普段は自覚することのない身体の奥にある光源のような白い力。それをゆっくり、もしくは迅速に両手の先に集中させる。左手には力を強く集め、右手は繊細なコントロールを意識する。そうして一気に穴に近寄ると僕は左手の力を右手に受け止め、その右手を強く穴に叩きつけた。
「おおお!」
誰かの声が背後から聞こえた。けれど僕はなすべきことに集中している。ぶつけた力を右手で伸ばすように広げる。だが、まだ穴は塞がっていない。もっと、もっと力が必要だ。僕はどんどん身体の中から力を左手に集め、右手で穴にぶつけ、広げる。そう、それは例えて言えば、左官のような動作だった。壁に白い漆喰を塗る熟練の左官をイメージして力を塗る。そう、僕の力を穴を塞ぐことだ。こんなふうにどこかわからない場所と通じてしまった次元かのか時空なのかわからない穴を塞ぐこと、それは今のところこの村では僕にしか出来ないことだ。
「いいぞ、にいちゃん! あと少しだ!」
大きく左右に手を振るようにして力で穴を塞いでいく。
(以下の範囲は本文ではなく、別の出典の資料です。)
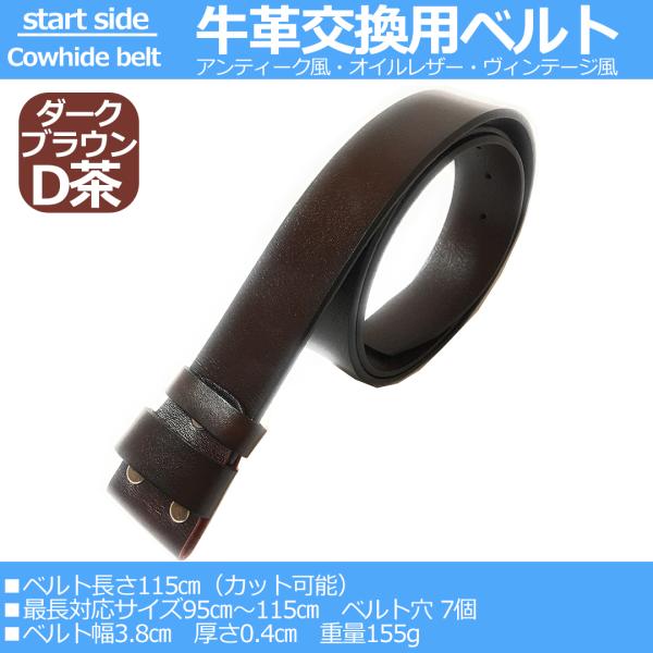 牛革 ベルト メンズ 本革 メンズベルト 紳士ベルト 本革ベルト 革ベルト 交換用 バックル無し ウエスタンベルト ダークブラウン
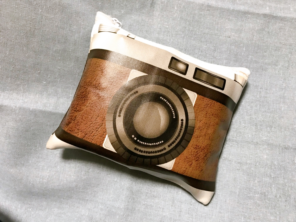色々入れたり出したり悩んだりした結果、サイズ的に最も良かったので死蔵していたカメラ柄のフラットポーチを使うことにしました。
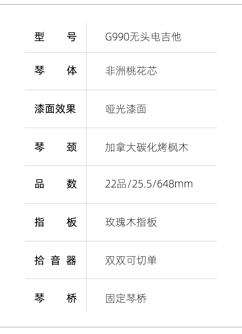 • 헤드리스 일렉트릭 기타 - 우드 컬러 + 액세서리

僕の目にも赤い光は弱くなり、背後からの投光器の光がなければ看板の輪郭さえもわからないくなっている。うん、本当にあと少しだ。僕は最後の力を振り絞るようにして力をすっかり小さくなった穴にぶち込んだ。
「これでどうだ!」
穴は完全に塞がれて、あれほど大きかった存在感もスポットライトが絞り切って消えるように‥‥消滅した。
「や、やった」
僕は、僕は気がつくと尻餅をついて地面にに座り込んでいた。もうしばらくは何もできない。ただ、尻の下は冷たい地面のはずがなんとなく安定が悪くて妙に生ぬるい。
「おい! なんだそりゃ?!」
キジマさんの野太い声が背後から聞こえ、数人が駆け寄ってくるような足音が響く。なんだと言われても僕には心当たりがない。ただ疲れているだけだ。なのに僕は強い力で引っ張られ強制的に立たされる。
「にいちゃん、誰だこいつは?」
「え?」
振りかった地面には投光器に照らされた、肌色面積が広い物体がある。申し訳程度に残った残骸のような布、それを身につけているのは倒れている‥‥人だ。
「え? ええぇぇぇ!」
僕は本気で飛び上がった。疲れた身体のどこにそんな力がまだ残っていたのかと自分でもビックリするくらい地面から高く飛び上がったのだ。だって、それはどう見ても美形率の高い高校生くらいの年齢の、半裸の女の子だったのだから。誰か! 誰かこの未確認人型物体に触ったりしてもコンプライアンス的に大丈夫な人、しかも剛毅な人の召喚を今すぐ! 今すぐお願いします。じゃないと、僕はこの場でぶっ倒れること間違いなしです。僕はそんな取り止めもないことを考えつつも速攻で崩れかけた看板の向こう側へと身を隠した。